Maybe this is what keeps me in Addis all these years, Hema thought, this juxtaposition of culture and brutality, this molding of the new out of the crucible of primeval mud. The city is evolving, and I feel part of that evolution, unlike in Madras, where the city seems to have been completed centuries before I was born. Did anyone but my parents notice that I left? “Why don't you stay in India? There are so many poor women who die needlessly here in Madras,” her father had said halfheartedly on this visit. “You want me to give free service to the poor from this house?” she said. “If not, then get me a job. Let the City Corporation hire me, or the Government Medical Service. If my country needs me, why is it that they don't take me?” They both knew the answer: jobs went to those willing to grease palms. She sighed, causing the taxi driver to look over. She was reliving the pain of saying good-bye to her parents yet again.

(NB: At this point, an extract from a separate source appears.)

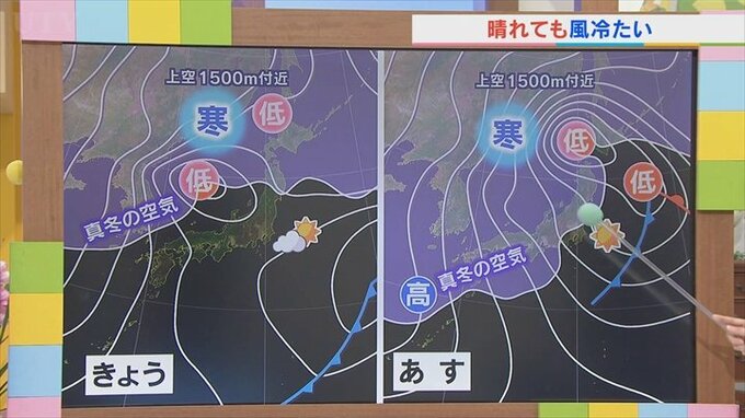ですから洗濯物は朝から外干しで問題ないと見ていますが、上空の冷たい空気=寒気を重ねてみますと北からグーッと南下してくることになりますから、きょうは雲が広がって寒かった。あすは晴れても寒いというのがポイントとなります。

The sight of barefoot peasants carrying impossible head loads and horse-drawn gharries plying the roads maintained the aura and mystique of this ancient kingdom that almost justified the fabulous tales of Prester John, who wrote in medieval times of a magical Christian kingdom surrounded by Muslim lands. Yes, it might be the era of the kidney transplant in America and a vaccine for polio due to arrive even in India, but here Hema felt she'd tricked time; with her twentieth-century knowledge she had traveled back to an earlier epoch. The power filtered down from His Majesty to the Rases, the Dejazmaches, and the lesser nobility and then to the vassals and peons. Her skills were so rare, so needed for the poorest of the poor, and even at times in the royal palace, that she felt valued. Wasn't that the definition of home? Not where you are from, but where you are wanted?
AT ABOUT TWO
in the afternoon, her taxi pulled up to the chukker-brown gates of Missing, a world unto itself.
The rock wall enclosed the hospital grounds and hid the buildings. Eucalyptus towered over the wall, and where there was no eucalyptus there were firs and jacaranda and acacia. Green bottle shards poked up from the mortar at the top of the wall to dissuade intruders—robbery and petty theft were rampant in Addis—though the sight of roses lapping over the wall softened this deterrent. The wrought-iron gate covered with sheet metal was normally kept closed, and pedestrians were admitted through the smaller, hinged door in the gate. But now the big gate was wide open, as was the pedestrian flap.